Ribeye with Grilled Peppers
Night one. Fresh cooler. Cast iron over charcoal. The best steak you'll eat all week.
The night-one showstopper. Thick-cut ribeyes seared in a screaming-hot cast iron over charcoal, with halved bell peppers and onions charring on the grate alongside. This is the meal you cook while the cooler is still cold and the group is still clean. Finish with flaky salt and a squeeze of lime. It takes ten minutes and sets the tone for the whole trip.
Ingredients
- 8 steaks, 12-14 oz each ribeye steaks — patted dry, salted 30 minutes before cooking Bone-in holds up better in the cooler
- 6 large, mixed colors bell peppers — halved and seeded
- 4 large yellow onions — cut into 1/2-inch rounds Skewer the rounds with a toothpick to keep them together on the grate
- 3 tbsp olive oil
- to taste flaky salt Maldon or similar
- to taste black pepper
- 4 limes — halved
- 1 head garlic (optional) — whole cloves, smashed Toss smashed cloves into the skillet with butter in the last minute
- 4 tbsp butter (optional) For basting in the last 60 seconds
Method
- Light charcoal in the fire pan 30 minutes before cooking. Let it ash over to medium-high heat. While it heats, pull steaks from the cooler and salt generously on both sides.
- Set the grill grate over the coals. Toss pepper halves and onion rounds with olive oil, salt, and pepper. Place cut-side down on the grate. They'll need 10-12 minutes total, turning once.
- Heat the cast iron skillet directly on the coals or grate until it's smoking. Add a thin film of oil.
- Sear steaks 3-4 minutes per side for medium-rare, depending on thickness. In the last minute, add butter and smashed garlic to the pan and baste the steaks.
- Rest steaks on cutting board for 5 minutes. Finish peppers and onions — they should be soft and charred at the edges.
- Serve steaks whole or sliced against the grain. Pile peppers and onions alongside. Finish with flaky salt and a squeeze of lime.
Gear
Required
- cast iron skillet
- charcoal
- grill grate
- fire pan
Optional
- tongs
- cutting board
- spray bottle
Field Notes
Salt the steaks before you set up camp — by the time you've rigged the kitchen, they've had their 30 minutes. The cast iron needs to be genuinely smoking before the first steak goes in. If it's windy, position the fire pan so you're shielded and the coals stay hot. In desert heat above 100F, pull steaks from the cooler only 10 minutes ahead — they'll come to temp fast. Keep a spray bottle of water nearby for flare-ups from the dripping fat.
Variations
New York Strip
Swap ribeyes for NY strips — leaner, fewer flare-ups, still great over charcoal.
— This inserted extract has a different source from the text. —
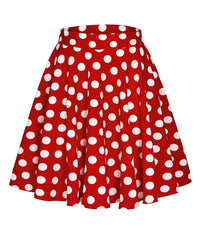 Exchic Womens Casual Stretchy Flared Mini Skater Skirt Basic A Line Pleated Midi Skirt (L, Polka Dot 3)

- NY strip steaks for ribeyes
Chimichurri Finish
Make chimichurri at home (parsley, oregano, garlic, red wine vinegar, olive oil) and bring in a jar. Spoon over sliced steak instead of the lime-and-salt finish.
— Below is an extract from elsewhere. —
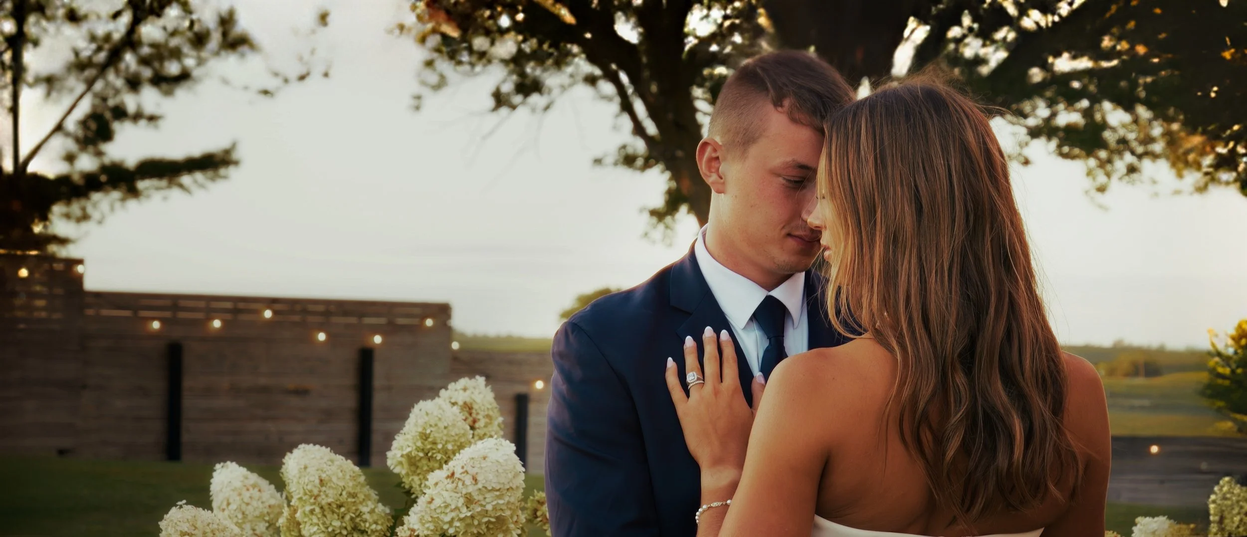 A bride and groom sharing a romantic moment outdoors during sunset, with trees and golden light in the background.

- chimichurri sauce for lime and flaky salt
Packing
Pack steaks flat on the bottom of the cooler, directly on ice. Double-bag to prevent leaks. Peppers and onions ride on top — they don't need to stay as cold.
Dietary
Dairy-free if you skip the butter baste. For vegetarians, grill thick portobello caps in the same skillet with the same salt-and-lime treatment.